XMLStore is the central component in the Plan-X Project. XMLStore is an application configurable, distributed, mobile persistence layer for storing semistructured data (in particular XML documents) based on a value-oriented document model and interface. Together with XPath as query language operating on its data, it can be considered a native XML database system.
Previous work [1] has empirically analyzed the performance of Software AG's Tamino native XML database and Oracle's "XML-enabled" object-relational database system Oracle 9i with respect to storing XML documents and querying them using XPath and has found that those systems perform surprisingly badly and unpredictably, especially when operating on general XML documents without XML Schema.

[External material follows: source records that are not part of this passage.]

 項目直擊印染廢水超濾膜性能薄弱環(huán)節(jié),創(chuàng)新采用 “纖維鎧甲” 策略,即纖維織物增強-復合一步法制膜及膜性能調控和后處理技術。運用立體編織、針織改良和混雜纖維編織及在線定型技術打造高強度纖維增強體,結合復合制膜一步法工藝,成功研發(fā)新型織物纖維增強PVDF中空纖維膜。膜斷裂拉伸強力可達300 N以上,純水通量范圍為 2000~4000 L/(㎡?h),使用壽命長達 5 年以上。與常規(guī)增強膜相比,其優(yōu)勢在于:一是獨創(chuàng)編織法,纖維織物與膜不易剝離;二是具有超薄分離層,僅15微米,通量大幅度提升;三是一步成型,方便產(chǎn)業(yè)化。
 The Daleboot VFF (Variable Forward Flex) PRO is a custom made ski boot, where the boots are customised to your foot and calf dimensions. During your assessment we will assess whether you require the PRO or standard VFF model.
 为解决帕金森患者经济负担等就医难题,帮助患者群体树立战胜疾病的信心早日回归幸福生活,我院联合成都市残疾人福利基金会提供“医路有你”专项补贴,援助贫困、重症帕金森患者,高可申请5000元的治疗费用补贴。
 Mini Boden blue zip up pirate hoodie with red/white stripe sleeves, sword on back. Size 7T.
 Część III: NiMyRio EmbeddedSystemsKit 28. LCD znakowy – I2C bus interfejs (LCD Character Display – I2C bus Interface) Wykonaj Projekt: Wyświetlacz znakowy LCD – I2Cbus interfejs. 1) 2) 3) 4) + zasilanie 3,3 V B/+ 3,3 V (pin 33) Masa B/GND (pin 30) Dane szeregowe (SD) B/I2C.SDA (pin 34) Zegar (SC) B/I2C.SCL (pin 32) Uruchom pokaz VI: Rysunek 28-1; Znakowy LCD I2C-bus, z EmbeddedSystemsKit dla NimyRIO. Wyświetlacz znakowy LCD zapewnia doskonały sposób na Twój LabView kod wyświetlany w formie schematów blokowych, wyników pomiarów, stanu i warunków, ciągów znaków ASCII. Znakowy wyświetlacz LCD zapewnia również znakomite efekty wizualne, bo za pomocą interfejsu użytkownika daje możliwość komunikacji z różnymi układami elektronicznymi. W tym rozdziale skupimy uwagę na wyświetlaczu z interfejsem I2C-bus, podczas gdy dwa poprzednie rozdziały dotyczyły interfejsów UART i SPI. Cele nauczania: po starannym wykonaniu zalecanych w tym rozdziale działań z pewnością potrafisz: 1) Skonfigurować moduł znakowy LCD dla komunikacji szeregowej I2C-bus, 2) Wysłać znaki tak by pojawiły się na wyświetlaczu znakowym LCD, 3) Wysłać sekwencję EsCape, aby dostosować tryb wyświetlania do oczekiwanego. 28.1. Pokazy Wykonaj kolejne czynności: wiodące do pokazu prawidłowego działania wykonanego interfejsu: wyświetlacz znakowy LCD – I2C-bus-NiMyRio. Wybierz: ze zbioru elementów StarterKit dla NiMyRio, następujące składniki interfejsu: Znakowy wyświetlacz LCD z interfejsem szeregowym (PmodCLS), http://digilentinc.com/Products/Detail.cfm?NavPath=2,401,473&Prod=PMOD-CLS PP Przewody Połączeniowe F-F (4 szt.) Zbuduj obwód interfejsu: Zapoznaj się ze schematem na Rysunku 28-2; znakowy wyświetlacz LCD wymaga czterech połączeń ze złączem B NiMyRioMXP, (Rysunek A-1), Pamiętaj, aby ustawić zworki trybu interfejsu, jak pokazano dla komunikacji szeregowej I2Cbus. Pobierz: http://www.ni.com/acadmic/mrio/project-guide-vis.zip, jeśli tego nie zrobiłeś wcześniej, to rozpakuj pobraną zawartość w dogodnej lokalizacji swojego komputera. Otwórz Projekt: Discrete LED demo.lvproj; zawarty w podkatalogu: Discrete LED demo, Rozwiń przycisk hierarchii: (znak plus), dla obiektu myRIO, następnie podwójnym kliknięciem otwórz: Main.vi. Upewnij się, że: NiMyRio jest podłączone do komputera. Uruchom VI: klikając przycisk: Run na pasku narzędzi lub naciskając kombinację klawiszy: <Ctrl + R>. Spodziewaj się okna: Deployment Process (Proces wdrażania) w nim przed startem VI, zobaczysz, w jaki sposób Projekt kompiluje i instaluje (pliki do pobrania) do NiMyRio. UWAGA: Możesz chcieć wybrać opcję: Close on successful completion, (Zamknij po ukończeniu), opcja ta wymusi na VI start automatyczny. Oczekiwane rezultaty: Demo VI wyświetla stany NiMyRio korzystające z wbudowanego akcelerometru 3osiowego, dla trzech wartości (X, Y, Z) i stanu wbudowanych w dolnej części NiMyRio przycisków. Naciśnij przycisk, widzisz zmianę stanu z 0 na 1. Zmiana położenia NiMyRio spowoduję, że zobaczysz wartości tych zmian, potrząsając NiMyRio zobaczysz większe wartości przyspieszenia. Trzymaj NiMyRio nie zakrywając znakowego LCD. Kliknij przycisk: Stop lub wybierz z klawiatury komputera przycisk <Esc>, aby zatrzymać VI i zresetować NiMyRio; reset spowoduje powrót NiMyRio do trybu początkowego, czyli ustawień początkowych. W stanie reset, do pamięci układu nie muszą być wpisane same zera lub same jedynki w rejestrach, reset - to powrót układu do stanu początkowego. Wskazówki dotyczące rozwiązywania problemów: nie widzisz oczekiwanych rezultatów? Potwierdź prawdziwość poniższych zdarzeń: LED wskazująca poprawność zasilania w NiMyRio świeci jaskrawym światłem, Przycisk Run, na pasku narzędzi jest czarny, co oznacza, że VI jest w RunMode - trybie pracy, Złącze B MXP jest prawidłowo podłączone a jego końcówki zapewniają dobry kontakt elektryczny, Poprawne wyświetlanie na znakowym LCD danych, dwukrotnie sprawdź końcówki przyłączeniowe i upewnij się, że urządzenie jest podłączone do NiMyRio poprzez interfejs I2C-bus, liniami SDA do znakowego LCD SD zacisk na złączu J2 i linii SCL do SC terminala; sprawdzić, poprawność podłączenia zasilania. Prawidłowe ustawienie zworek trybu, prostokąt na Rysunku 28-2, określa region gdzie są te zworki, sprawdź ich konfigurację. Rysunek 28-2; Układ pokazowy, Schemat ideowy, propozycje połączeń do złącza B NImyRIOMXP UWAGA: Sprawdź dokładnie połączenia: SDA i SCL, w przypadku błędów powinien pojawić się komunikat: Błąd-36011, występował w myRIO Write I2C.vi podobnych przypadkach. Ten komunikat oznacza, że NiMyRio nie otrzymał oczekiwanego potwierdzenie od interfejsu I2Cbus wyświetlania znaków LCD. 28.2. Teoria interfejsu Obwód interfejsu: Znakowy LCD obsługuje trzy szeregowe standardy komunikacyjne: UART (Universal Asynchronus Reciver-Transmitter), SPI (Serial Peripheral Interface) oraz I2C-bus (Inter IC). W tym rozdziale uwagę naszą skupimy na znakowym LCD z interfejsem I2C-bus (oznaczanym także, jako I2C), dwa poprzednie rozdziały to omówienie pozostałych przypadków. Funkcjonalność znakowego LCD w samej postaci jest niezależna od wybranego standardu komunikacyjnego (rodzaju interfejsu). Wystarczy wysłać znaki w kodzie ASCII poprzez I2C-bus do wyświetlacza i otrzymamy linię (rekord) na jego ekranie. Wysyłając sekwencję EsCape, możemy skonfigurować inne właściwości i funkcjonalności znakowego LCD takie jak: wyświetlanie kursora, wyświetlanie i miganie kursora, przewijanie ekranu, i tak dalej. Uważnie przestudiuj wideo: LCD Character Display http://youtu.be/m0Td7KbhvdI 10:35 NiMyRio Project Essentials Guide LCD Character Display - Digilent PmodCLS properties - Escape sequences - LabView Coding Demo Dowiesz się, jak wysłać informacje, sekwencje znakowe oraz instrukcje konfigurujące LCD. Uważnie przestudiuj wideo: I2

That work did not include a comparison with a simple-minded implementation as baseline case or with XMLStore.
The goals of this project are
(1) to implement and evaluate a simple implementation of XML query processing based on standard components as a baseline for comparisons;
(2) to evaluate the present configurable XMLStore implementation [2] and XPATH implementation [3] on the same benchmarks as [1] in a number of a configurations and conduct a comparison with the results previously obtained for Tamino and Oracle9i;
(3) to design and implement important performance improvements to XML Store as well as discuss additional performance improvements, including possible trade-offs w.r.t. maintainability of XMLStore;
(4) to analyze the results of (1) and (2)+(3), compare them with the Tamino and Oracle 9i results of [1], interpret them to see if they are consistent with the results of [4], and provide if possible, additional insights and conclusions on state-of-the-art XML storage technologies.
(5) (optionally) to investigate the use of indexes in XMLStore to aid performance
Comments
ad (1) Two reference implementations are recommended: (a) a 'cold start' program that is called with an XML file name and an XPATH query as its arguments and operates as follows: it load the XML file from disk, parses it into an in-memory DOM-representation, executes a standard XPATH engine for DOM on it, formats the result for output, outputs it and shuts down; (b) a server version of the above, where the program receives a stream of pairs (XML file name, XPath query) and maintains a cache of DOM-representations in its memory for rapid reuse.
ad (2) XMLStore can be configured as a 'raw disk module' at its back end, and with a number of (performance) 'decorators' (in OO design pattern lingo) in front of it: caching, asynchronous writing, etc. The test design and test data from [1] should be reused and supplemented as necessary.
ad (3) This depends on the results of (2). An important part of the project is to evaluate the performance of different existing and performance-improved configurations of XMLStore against each other and, if possible, conclude with recommendations for XMLStore configurations addressing certain application requirements on performance, durability and the like.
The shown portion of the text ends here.